[[ DATA open ]]

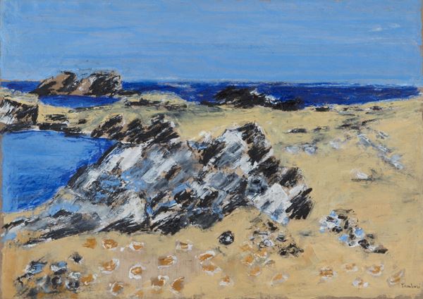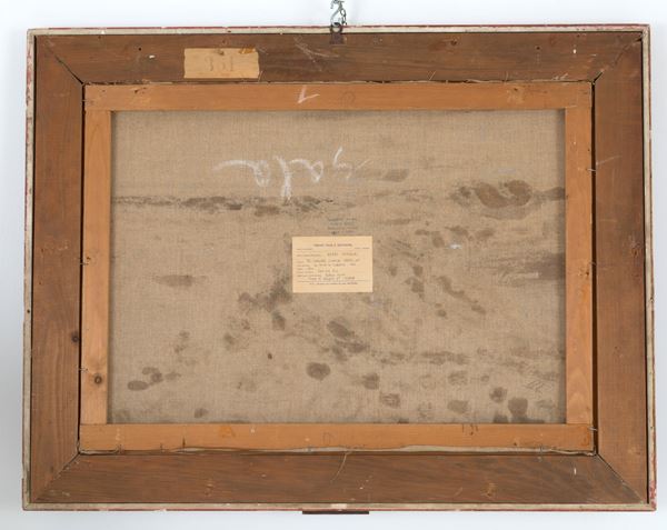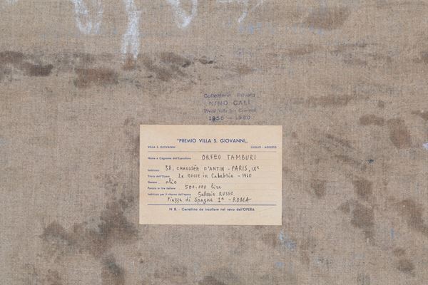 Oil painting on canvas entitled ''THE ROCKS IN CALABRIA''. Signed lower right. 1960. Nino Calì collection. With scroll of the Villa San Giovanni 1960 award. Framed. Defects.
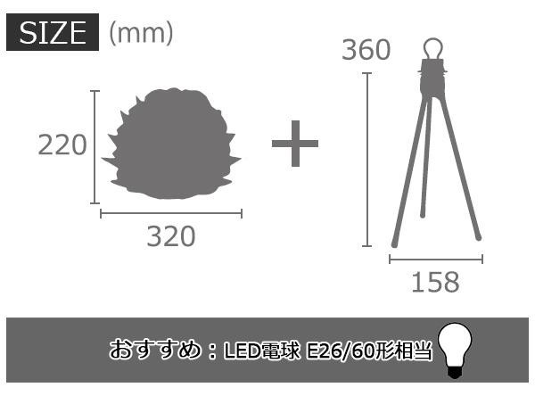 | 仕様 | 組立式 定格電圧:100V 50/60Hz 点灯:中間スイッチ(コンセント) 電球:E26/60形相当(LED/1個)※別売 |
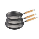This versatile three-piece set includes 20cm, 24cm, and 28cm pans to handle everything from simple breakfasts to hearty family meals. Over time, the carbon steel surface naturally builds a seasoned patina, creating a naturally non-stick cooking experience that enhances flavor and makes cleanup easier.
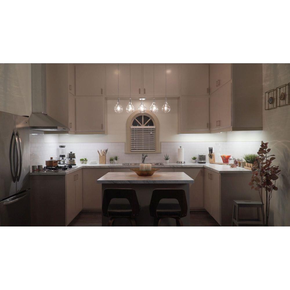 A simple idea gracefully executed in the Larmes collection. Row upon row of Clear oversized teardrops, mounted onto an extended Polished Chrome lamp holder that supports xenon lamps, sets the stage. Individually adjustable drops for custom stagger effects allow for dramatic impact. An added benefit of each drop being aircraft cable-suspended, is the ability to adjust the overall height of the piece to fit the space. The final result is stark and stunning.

[[ DATA closed ]]
[[ DATA open ]]

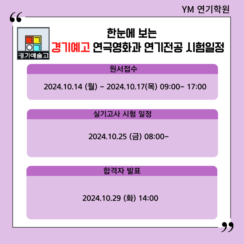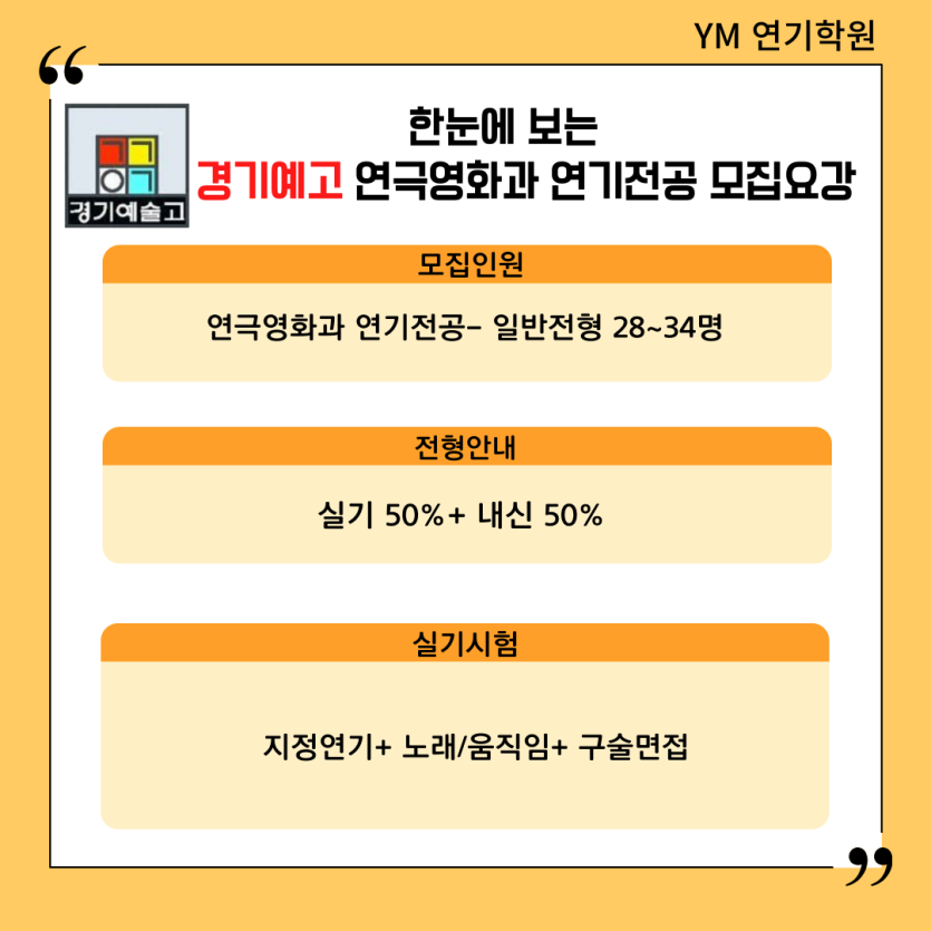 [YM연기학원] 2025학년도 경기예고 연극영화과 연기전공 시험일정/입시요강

[[ DATA closed ]]
[[ DATA open ]]

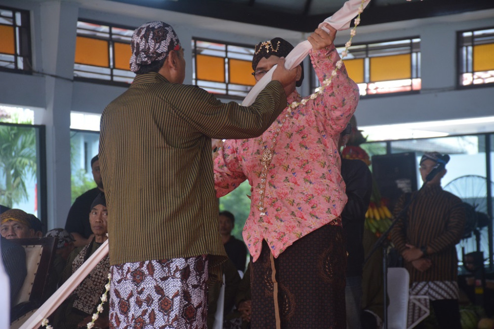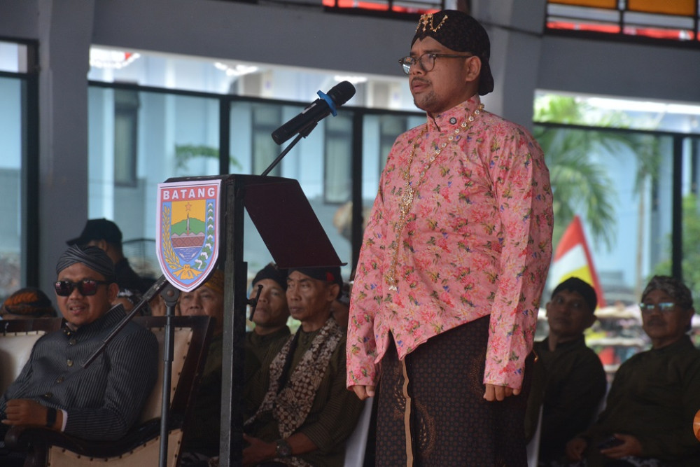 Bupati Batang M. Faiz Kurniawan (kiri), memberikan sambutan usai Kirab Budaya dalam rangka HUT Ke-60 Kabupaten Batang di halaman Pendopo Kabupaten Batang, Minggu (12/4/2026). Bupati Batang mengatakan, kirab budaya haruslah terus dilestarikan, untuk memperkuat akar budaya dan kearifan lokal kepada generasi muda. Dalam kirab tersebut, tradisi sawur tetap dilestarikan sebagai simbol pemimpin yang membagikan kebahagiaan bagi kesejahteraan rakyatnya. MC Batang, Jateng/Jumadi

[[ DATA closed ]]

EXERCISE BRIEF: What lines above run from the one with "Oil painting on" to the one with "A simple idea"? Give them again exactly, ends included, and leave the pictures out.

REPLY TO THE TASK:
 Oil painting on canvas entitled ''THE ROCKS IN CALABRIA''. Signed lower right. 1960. Nino Calì collection. With scroll of the Villa San Giovanni 1960 award. Framed. Defects.
 | 仕様 | 組立式 定格電圧:100V 50/60Hz 点灯:中間スイッチ(コンセント) 電球:E26/60形相当(LED/1個)※別売 |
This versatile three-piece set includes 20cm, 24cm, and 28cm pans to handle everything from simple breakfasts to hearty family meals. Over time, the carbon steel surface naturally builds a seasoned patina, creating a naturally non-stick cooking experience that enhances flavor and makes cleanup easier.
 A simple idea gracefully executed in the Larmes collection. Row upon row of Clear oversized teardrops, mounted onto an extended Polished Chrome lamp holder that supports xenon lamps, sets the stage. Individually adjustable drops for custom stagger effects allow for dramatic impact. An added benefit of each drop being aircraft cable-suspended, is the ability to adjust the overall height of the piece to fit the space. The final result is stark and stunning.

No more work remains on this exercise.